2-11 A Meta-Analysis to Develop a Salinity-Based Typology for Permeable Nearshore Subterranean Estuaries

Session: Coastal Hydrogeology in an Age of Rising Seas

Presenting Author:

Authors:

Abstract:

The subterranean estuary (STE) plays an important role in controlling the fate of terrestrial and marine chemicals being transported across the groundwater-ocean continuum. Salinity structure, including the extent of seawater-freshwater mixing, is recognized as the key distinguishing feature among STEs and strongly influences the biogeochemical conditions and subsequently the fate of chemicals in the system. Since the concept of the STE was introduced nearly 30 years ago, numerous field studies have characterized groundwater flow, salinity distribution, and mixing conditions within permeable nearshore STEs.

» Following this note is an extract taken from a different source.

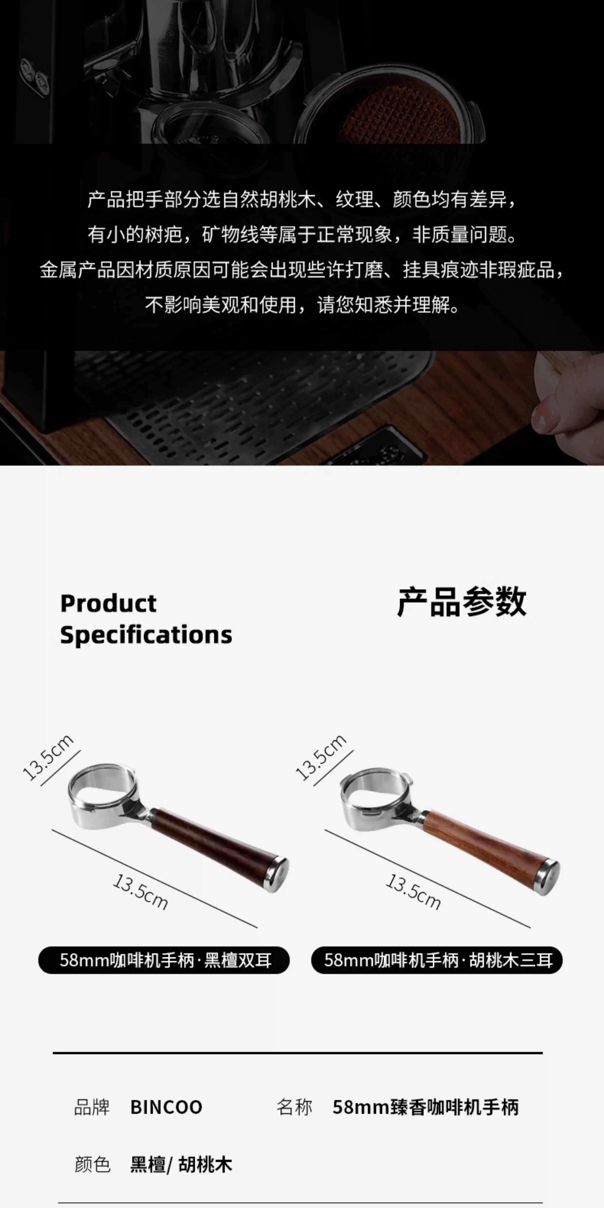 - Phụ kiện máy pha cà phê Bincoo, bộ lọc cà phê không đáy 51/58mm, tay cầm gỗ óc chó

The objective of this study was to conduct a meta-analysis to collate available field data and explore the possibility of predicting the salinity distribution and mixing conditions in a STE based on easy-to-measure or determine physical, hydrological, and oceanic parameters. This information is needed to develop a typology for STEs based on salinity structure, analogous to surface estuary typologies. An extensive literature review identified field data from approximately 40 individual field sites worldwide where nearshore STE salinity structure has been measured. Quantitative metrics were used to characterize salinity structure and mixing conditions for each field site, and correlations between these metrics and physical, hydrological and oceanic parameters (e.g., tidal amplitude, wave height, beach slope, fresh submarine groundwater discharge) were statistically evaluated. Overall, it was found that tidal amplitude was the only parameter significantly correlated with salinity structure metrics, but correlations were stronger when physically meaningful combinations of parameters were considered. We propose using the minimum salinity 1 m below the beach face seaward of mean shoreline as a criterion for classifying STEs as stratified, partially mixed, or well-mixed systems. However, this metric showed limited correlations with the evaluated parameters, highlighting the complexity of predicting mixing extent in STEs. The study findings enhance our ability to interpolate and extrapolate information between field sites and advance our understanding of STE functioning at both local and global scales.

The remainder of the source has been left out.